The training details for the model are as follows:

  • Sentences are encoded (convert a string of characters to a sequence of symbols):

    • English-German uses BytePair encoding for 37,000 tokens on 4.5M sentence pairs.
    • English-French uses WordPiece encoding for 32,000 tokens on 36M sentence pairs.
  • Batch size is determined in order to have 25,000 source and target tokens (symbols).

  • 8 NVIDIA T100 GPUs are used to train the model.

    • Base models trained for 12 hours, big models for 3.5 days.
  • Adam optimizer is used with a special learning rate:

    • Linear warmup followed by inverse square root decay.
  • Regularization: Dropout of 0.1 applied to residual connections and sum of positional encoding and embeddings.

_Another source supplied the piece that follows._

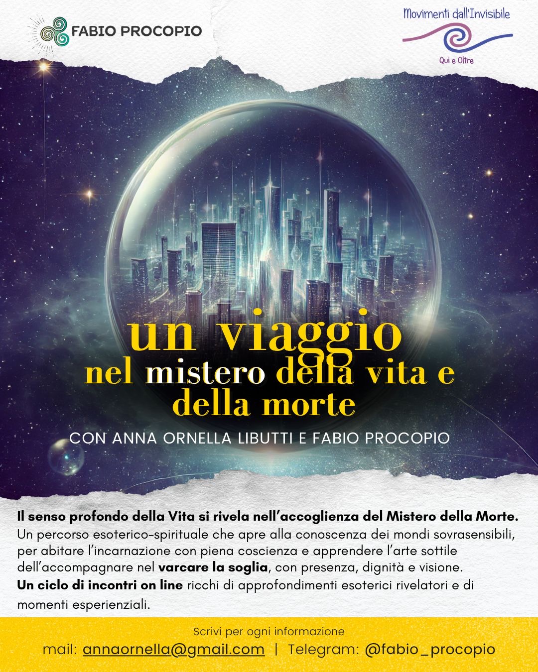 Il senso profondo della Vita si rivela solo quando si trova il coraggio di accogliere il Mistero della Morte. Ciò che comunemente viene temuto, rimosso o reso astratto diventa, in questo percorso di formazione, una chiave essenziale di conoscenza e trasformazione interiore.

Label smoothing is performed.

  • The last 5 checkpoints are averaged (for the base model). Beam search is used to select the best translation.

The most interesting details are that the batch size is dynamic so that the source and target tokens number approximately 25,000. The summation of the last checkpoints and using a learning rate decay are also interesting.

Results

The details are finally out of the way! Let’s look at some pretty pictures and tables.

As can be seen in the above figure, Transformer is able to set record BLEU scores in much less computation. Additionally, the “big” variant can even beat some expensive ensemble models! We can see the effect of different hyperparameters (such as those used in base versus big) on the performance in the following table:

Alright, now time for some visualizations from the paper:

As shown in the visualizations, the attention heads learn different, meaningful tasks, such as anaphora resolution or connecting determiners and their objects. In fact, the authors show that Transformer can be used directly for this type of task—English constituency parsing (extracting the syntactic structure of a sentence in the form of a tree).

Results are competitive to previous methods, even without task-specific fine-tuning.

Final Takeaway

Transformers precipitated a major change in the landscape of natural language processing and even other fields like computer vision. They lead to even more powerful general language models, such as BERT [4]. The paper can be summarized by the following points.

  • Motivation: RNNs are not easily parallelizable and don’t learn long dependencies well.

  • Models that only use attention are more effective and train faster.

  • Transformer can generalize to other tasks.

  • Multi-head attention helps address some of the problems of traditional attention. It allows multiple different attention tasks to be learned.

  • Transformers have a constant dependency path from one position to any other position.

References

[1] Vaswani, Ashish, et al. “Attention is all you need.” Advances in neural information processing systems. 2017.

[2] BLEU score definition: https://cloud.google.com/translate/automl/docs/evaluate

[3] https://kazemnejad.com/blog/transformer_architecture_positional_encoding/

[4] Devlin, J., Chang, M. W., Lee, K., & Toutanova, K. (2018). Bert: Pre-training of deep bidirectional transformers for language understanding. arXiv preprint arXiv:1810.04805.

[5] Hochreiter, S., & Schmidhuber, J. (1997). Long short-term memory. Neural computation, 9(8), 1735-1780.

[6] Cho, K., Van Merriënboer, B., Gulcehre, C., Bahdanau, D., Bougares, F., Schwenk, H., & Bengio, Y. (2014). Learning phrase representations using RNN encoder-decoder for statistical machine translation. arXiv preprint arXiv:1406.1078.

[7] Papineni, K., Roukos, S., Ward, T., & Zhu, W. J. (2002, July). Bleu: a method for automatic evaluation of machine translation. In Proceedings of the 40th annual meeting of the Association for Computational Linguistics (pp. 311-318).

[8] Sinha, K., Jia, R., Hupkes, D., Pineau, J., Williams, A., & Kiela, D. (2021). Masked language modeling and the distributional hypothesis: Order word matters pre-training for little. arXiv preprint arXiv:2104.06644.